When Lori returned to the hotel, she was informed that something had been dropped off for her. The clerk took her to the place where they had finally decided to store the pipe, underneath the windows looking out onto Speedway Blvd. When he showed her the pipe, he related, at great length, the fun the employees had had with it during the day. They had blown into it, talked down it, etc. But now Lori had to get it upstairs.
Unlike the agave stalk, it would not bend at all; therefore she could not get it into the elevator. Instead she had to walk it, as I had from the car, but up 6 flights of stairs! When she finally reached the room, she had to decide how to install the agave in the pipe in such a way that it would not be damaged in transit. Lori finally decided on the use of huge amounts of toilet paper, courtesy of the hotel, as the best packing material.
After the agave was packed in this way, it survived it's trip in great condition and lived in Lori's house in Amherst for the next several months, set in a pot in sand. However, when Lori was forced to leave that house and find another place to live, the ceilings were too low in the new house.
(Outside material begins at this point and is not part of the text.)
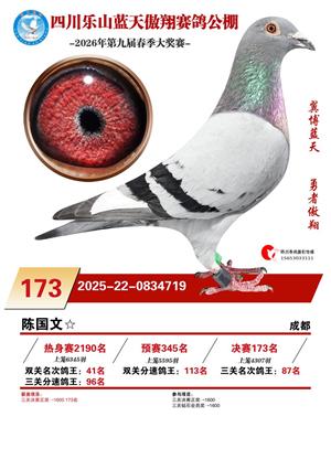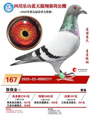 蓝天傲翔赛鸽公棚2026年春决赛获奖鸽赏析

For that reason, the agave now resides just outside my office door, right in front of the poster of Georgia O'Keefe riding off into the New Mexico desert on the back of a motorcycle.
Its presence there drove Tom Arny on a hunt through many reference books on southwestern flora until he had properly identified the species, a Schott's agave. Of course, as I wrote this document of our trip, I discovered that, all along, I had had the proper identification in my possession, in the guide to the nature trail at Muleshoe Ranch!